La consideración e invitación a la alegría son constantes en toda la liturgia del Adviento; orienta así al reconocimiento de lo que es la alegría honda y sentida, que no es sino el gozo de descubrir al Señor y, sabiendo que viene, se convierte en gozo sostenido de quien aguarda a Alguien sumamente amado. La esperanza derrota la tristeza, la apatía y el decaimiento, y genera una alegría serena que se convertirá en desbordante al alcanzar su fin y completar su deseo. Al fin y al cabo, el Adviento reeduca nuestra alegría, la orienta hacia lo verdadero, la purifica de pequeñas alegrías falsas, materiales, aparentes, inmanentes que decepcionan al final.
Un recorrido por la eucología romana del Adviento nos ofrecerá la perspectiva teológica y espiritual de la alegría. Seguro que este recorrido no nos puede dejar indiferentes sino que provocará un eco (eso es catequesis: eco, resonancia) para la vida católica.

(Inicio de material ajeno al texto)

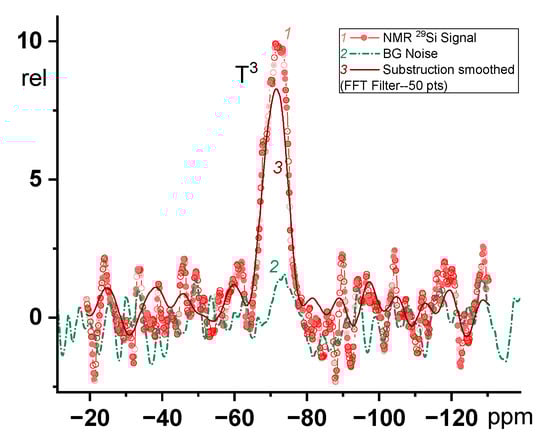 29Si NMR-spectra of UV-rGO modified with TMSPM (1), background noise (2) and (3) subtracted by (2) on (1), smoothed using 50 points by FFT filter in the OriginPro 2021.
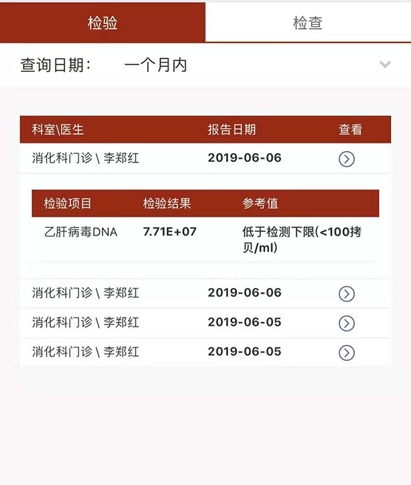 卓美芳丈夫乙肝病毒DNA检查。受访者供图

Las antífonas que iluminan el canto de los salmos en el Oficio divino están teñidas de gozosa esperanza: “Alégrate y goza, hija de Jerusalén: mira a tu Rey que viene; no temas, Sión, tu salvación está cerca” (ant. 2, Of. Lect., Domingo I); incluso es una alegría “cósmica”, ya que toda la creación participa del gozo de la venida de Cristo: “Los montes y las colinas aclamarán en presencia del Señor y los árboles del bosque aplaudirán, porque viene el Señor y reinará eternamente. Aleluya” (Ant. 2, Laudes Dom. I), o también: “Destilen los montes alegría y los collados justicia, porque con poder viene el Señor, luz del mundo” (ant. 2, II Visp., Dom. III). Es una exhortación constante a la alegría ante el Señor, el Mesías, Rey y Sacerdote: (ant. 1, I Visp. Dom. I); “Hija de Sión, alégrate; salta de gozo, hija de Jerusalén. Aleluya”“alégrate y goza, nueva Sión, porque tu Rey llega con mansedumbre a salvar nuestras almas” (ant. 1, I Visp., Dom. II).